## Data to process
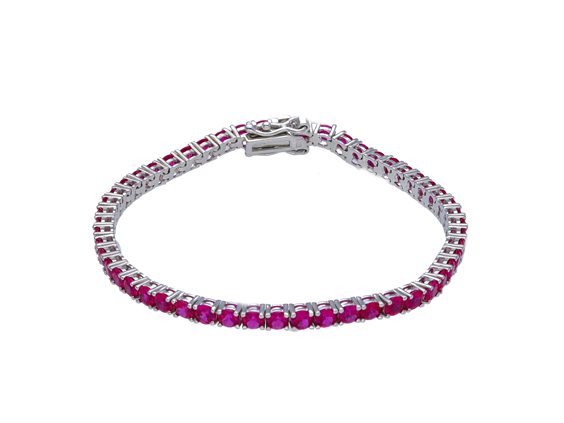 Bracciale tennis con cristalli rossi e chiusura a scatto. Sezione mm.3.
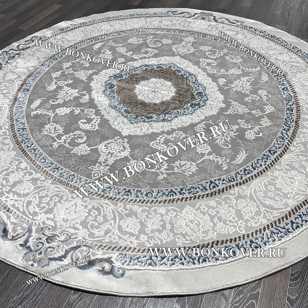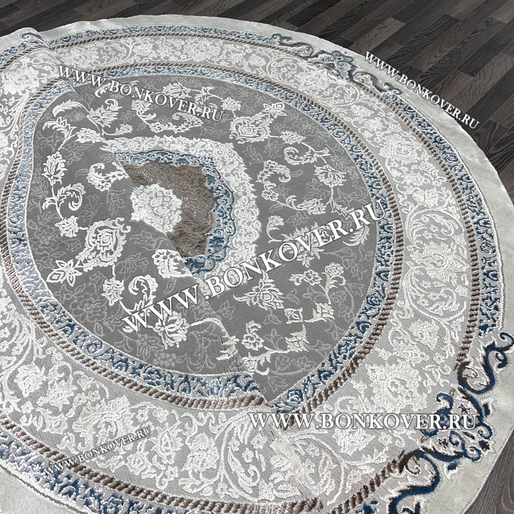 Элегантный Турецкий Ковер Для Гостиной Дизайн 27 Синий с Серым Круг наполняет интерьер помещения теплом и уютом, гармонично сочетает в себе изящество и красоту. Он изготовлен из высококачественных материалов, прочный и долговечный.
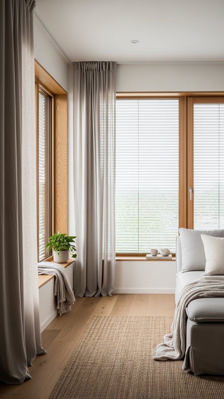 Embrace uncluttered sills, warm timber frames, and breathable fabrics to keep spaces airy and free.
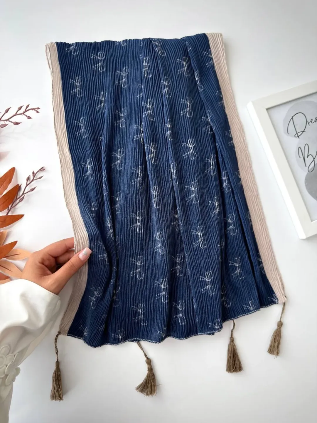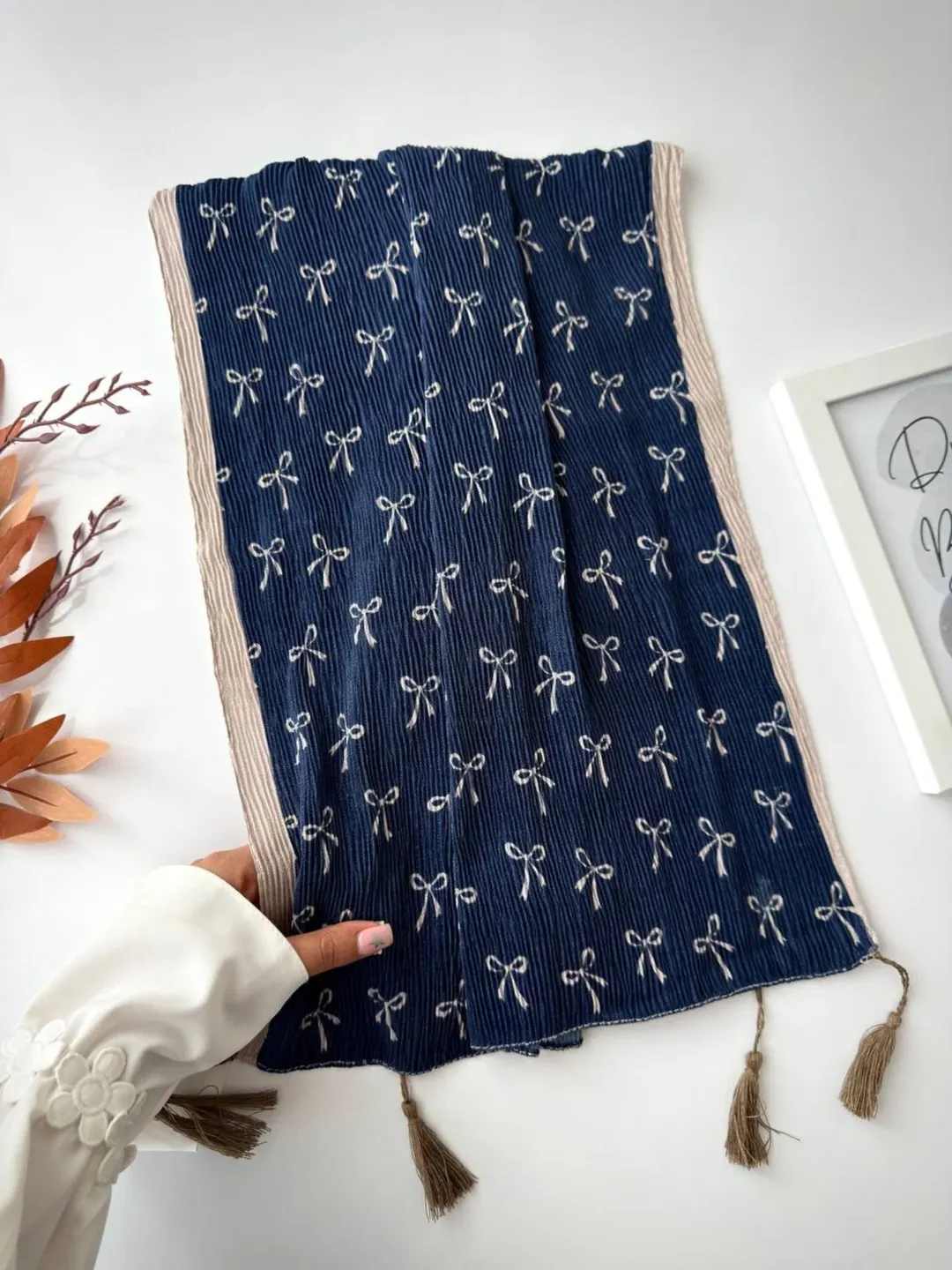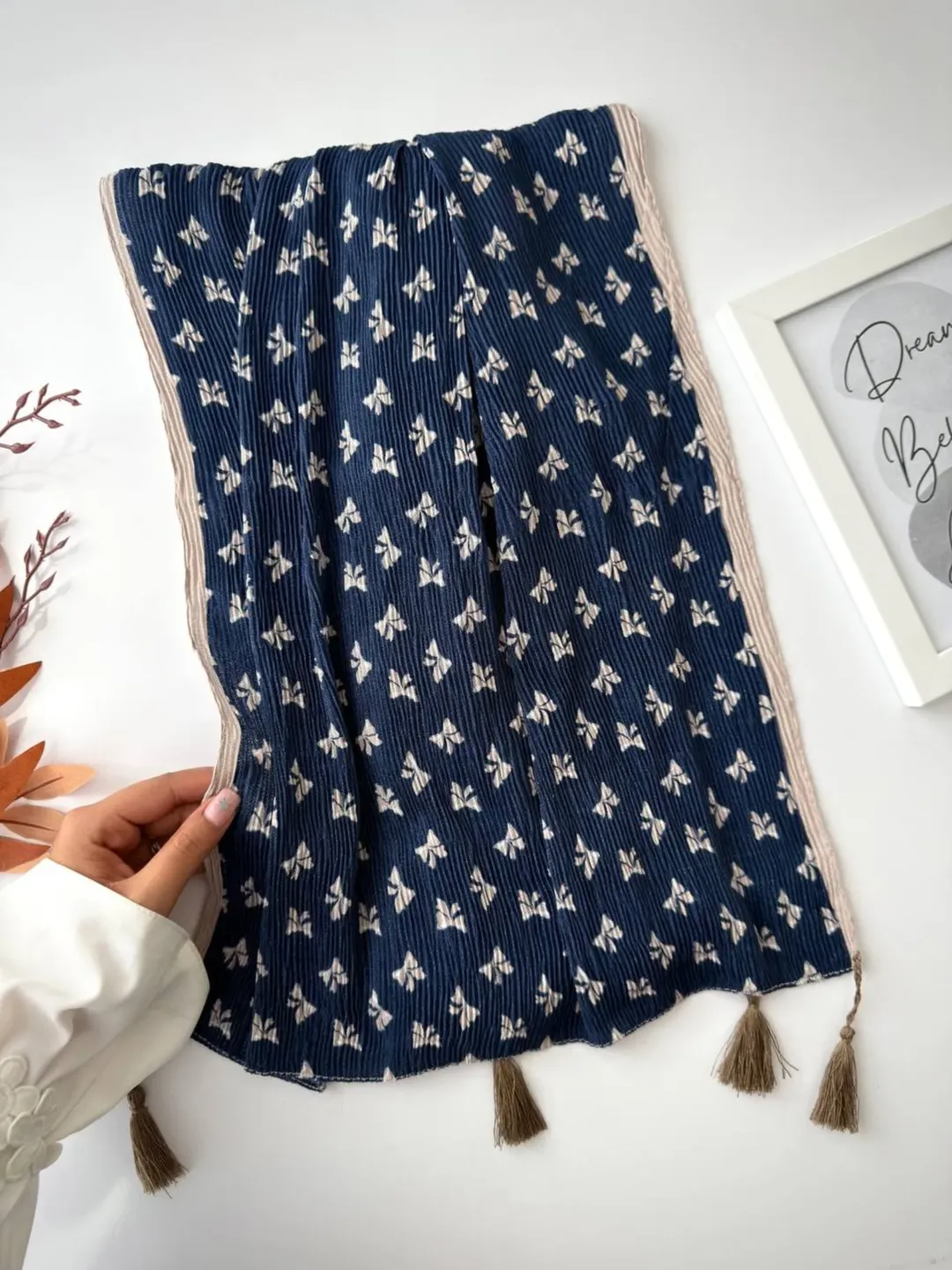 شال نخی پلیسه تک رنگ سورمه با انواع طرح های پاپیونی سفید و کرم و منگوله دار
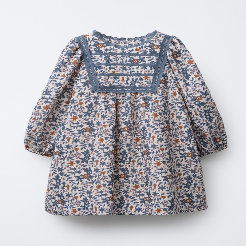 Round neck dress with long sleeves featuring elasticated cuffs. Teardrop button fastening at the back. Lace detail on the yoke and collar. Floral print.
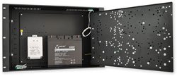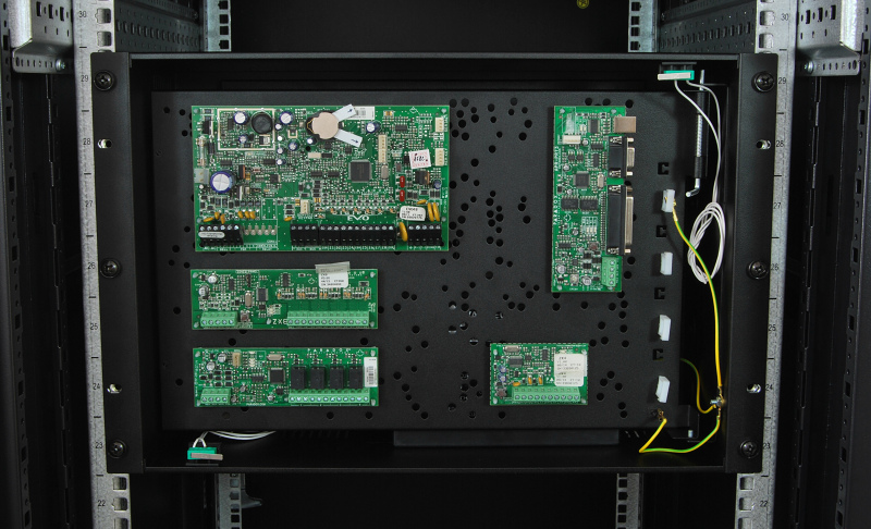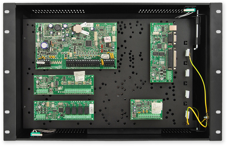 Univerzální plechový box pro ústředny SP/EVO nebo moduly, určený pro montáž do 19" datového rozvače. V otočné desce jsou umístěny přesné otvory pro vložení distančních sloupků k připevnění ústředen nebo modulů, v zádech boxu pak otvory pro přišroubování různých transformátorů. Box je rozvaděči uchycen 6 šrouby, dvířka zajišťují další 4 šrouby. Z bočních stran boxu jsou otvory pro vedení kabeláže, které jsou osazeny gumovými kryty. Součástí dodávky jsou 2 zasouvací tampery, 2 vodiče pro propojení napájení 16 V ~ z transformátoru do ústředny, zemnící vodiče se zemnící svorkou na boxu. Box RACK 19 je dodáván bez transformátoru. Do boxu je možné umístit akumulátor s kapacitou maximálně 18 Ah.
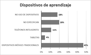 Así mismo, en la Figura 2 se presenta el tipo de dispositivos móviles utilizados en los procesos de enseñanza aprendizaje en diferentes experiencias relacionadas con los dispositivos móviles [62], reflejando que el 47% de los estudios usaron dispositivos móviles tradicionales, el 4% usaron tabletas, el 11% usaron teléfonos inteligentes, 20% no limitaron los tipos de dispositivos, mientras que el 18% no usó dispositivos, lo que indica que esos estudios son en un alto porcentaje teóricas.
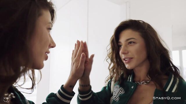 Description: Eva-Elle presents a stunning combination of sparkly fishnets, a plaid skirt, and long locks that emphasize her facial beauty. This StasyQ model infuses a dose of naughty into Video Release 532, and Said Energizer is there to capture it with his superb camera. The playful brunette starts seducing right after dawn, and the morning light makes her purple fishnets sparkle even more, further emphasizing the vixen’s glowing skin and spectacular curves. Blue platforms make the stunner look even more alluring, resembling a mischievous college girl. A big tattoo on Eva-Elle’s arm reveals that there is more to her than a gorgeous smile. She is a bombastic seductress who would do anything to get your attention, and the cozy room is the perfect setting for her wild session. Eva-Elle boasts small but perky breasts, long legs, and a tiny waist. You will fall in love with this fit and charming beauty.
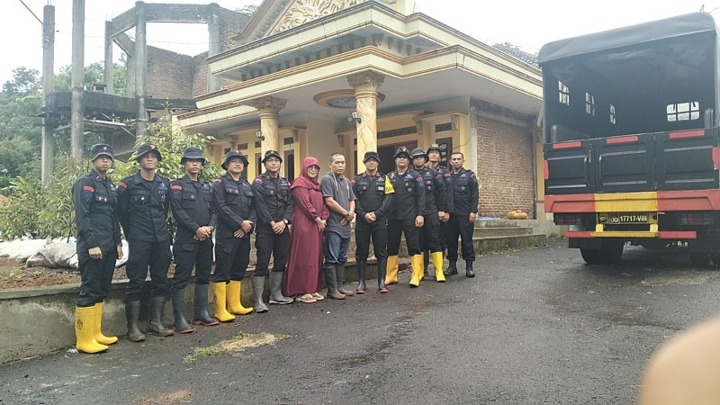 SALIRA TV | KAB. CIAMIS – Hujan deras yang mengguyur wilayah Cantigi, Desa Kujang, Kecamatan Cikoneng, Kabupaten Ciamis, pada Selasa (29/07/2025) tidak mampu mematahkan semangat kemanusiaan anggota Kompi 4 Batalyon D Pelopor Satuan Brimob Polda Jabar. Bersama H. Wahyu, pengusaha sukses yang akrab dijuluki Bos Durian Kujang, mereka melaksanakan kegiatan bakti sosial berupa ikut serta gotong royong di pembangunan pondasi rumah milik Mak Unamah di RT 06/RW 14.
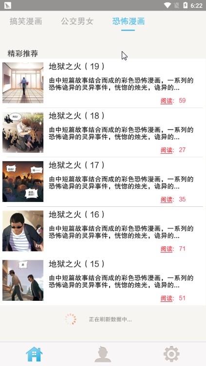 1、下载安装并打开诡异漫画软件,进入首页即可浏览平台推荐的各类漫画资源。
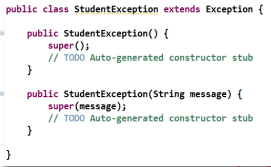 定義三個(gè)異常類:NameException、AgeException、StudentException。其中 StudentException 是另外兩個(gè)異常的父類。
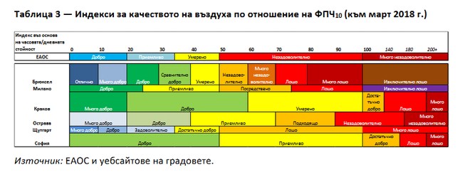 Документът посочва още, че европейските изисквания за качеството на въздуха, които са изготвени преди 20 години, са по-ниски от тези на Световната здравна организация и е необходима ревизия на пределно допустимите норми за замърсяване.
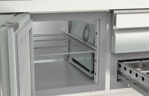 - Étagères intérieures GN 1/1 en fil d'acier plastifié, réglables en hauteur
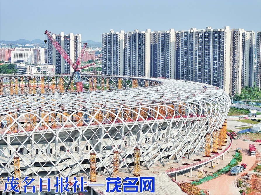 作为本届省运会主会场,茂名奥体中心体育场自开工以来便备受关注。8月19日上午,随着钢结构屋盖最后一块屋面网格缓缓升起,最终精准无误地落位,茂名奥体中心体育场项目钢结构屋盖全面合拢,巨型“荔枝”雏形显现。目前,该项目已经完成主体结构和钢结构施工,累计完成整体工程(进度)40%。接下来将进行拉索施工以及金属屋面幕墙和景观园林施工。
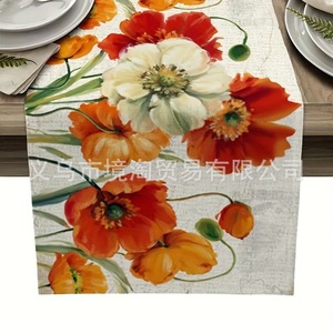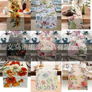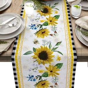 リネンのテーブルの旗の田園の花のレモンの夏の家のレストランの食卓の屋外の装飾のプリントのテーブルクロスのテーブルの旗
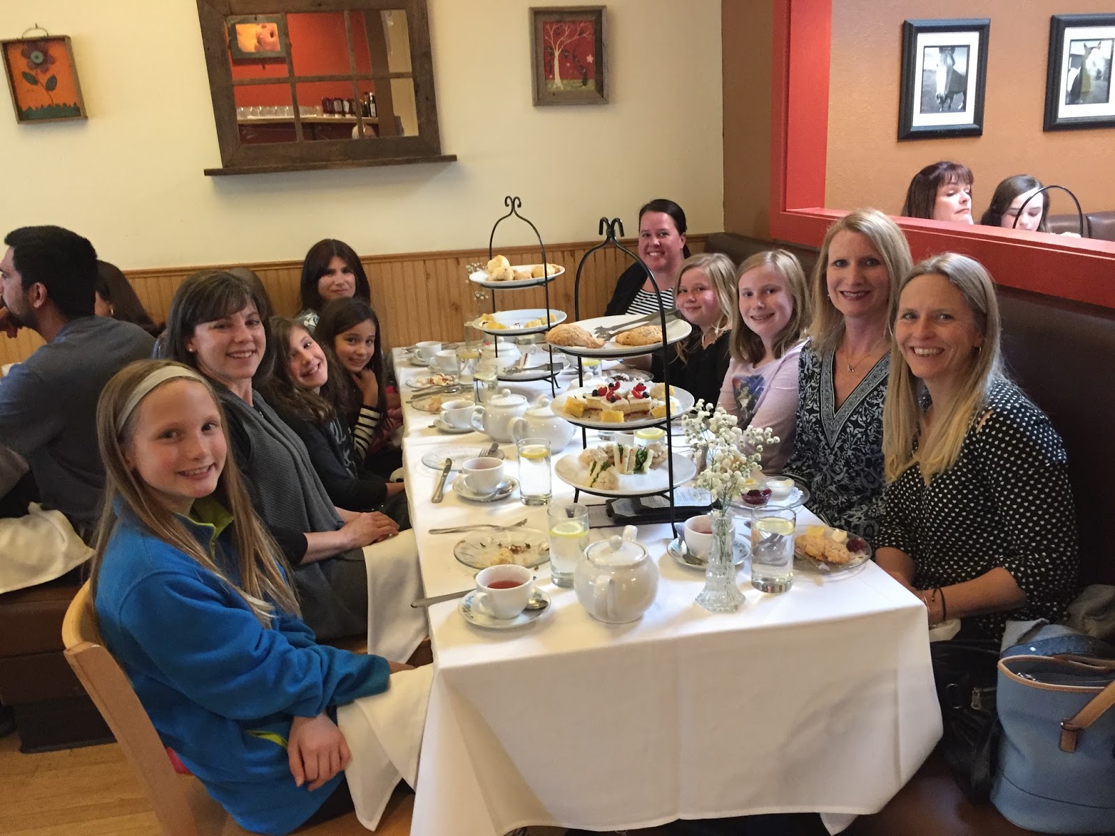 Annabelle and I had a special afternoon planned with her girl scout troop. We attended a mother daughter tea party at the Huckleberry. They do a simple and casual afternoon tea with tasty tea cakes, scones, and sandwiches.

## Work required
Copy nothing but the lines from the top of the data down to the line containing "Así mismo, en", and leave the pictures out.

## Expected answer
 Bracciale tennis con cristalli rossi e chiusura a scatto. Sezione mm.3.
 Элегантный Турецкий Ковер Для Гостиной Дизайн 27 Синий с Серым Круг наполняет интерьер помещения теплом и уютом, гармонично сочетает в себе изящество и красоту. Он изготовлен из высококачественных материалов, прочный и долговечный.
 Embrace uncluttered sills, warm timber frames, and breathable fabrics to keep spaces airy and free.
 شال نخی پلیسه تک رنگ سورمه با انواع طرح های پاپیونی سفید و کرم و منگوله دار
 Round neck dress with long sleeves featuring elasticated cuffs. Teardrop button fastening at the back. Lace detail on the yoke and collar. Floral print.
 Univerzální plechový box pro ústředny SP/EVO nebo moduly, určený pro montáž do 19" datového rozvače. V otočné desce jsou umístěny přesné otvory pro vložení distančních sloupků k připevnění ústředen nebo modulů, v zádech boxu pak otvory pro přišroubování různých transformátorů. Box je rozvaděči uchycen 6 šrouby, dvířka zajišťují další 4 šrouby. Z bočních stran boxu jsou otvory pro vedení kabeláže, které jsou osazeny gumovými kryty. Součástí dodávky jsou 2 zasouvací tampery, 2 vodiče pro propojení napájení 16 V ~ z transformátoru do ústředny, zemnící vodiče se zemnící svorkou na boxu. Box RACK 19 je dodáván bez transformátoru. Do boxu je možné umístit akumulátor s kapacitou maximálně 18 Ah.
 Así mismo, en la Figura 2 se presenta el tipo de dispositivos móviles utilizados en los procesos de enseñanza aprendizaje en diferentes experiencias relacionadas con los dispositivos móviles [62], reflejando que el 47% de los estudios usaron dispositivos móviles tradicionales, el 4% usaron tabletas, el 11% usaron teléfonos inteligentes, 20% no limitaron los tipos de dispositivos, mientras que el 18% no usó dispositivos, lo que indica que esos estudios son en un alto porcentaje teóricas.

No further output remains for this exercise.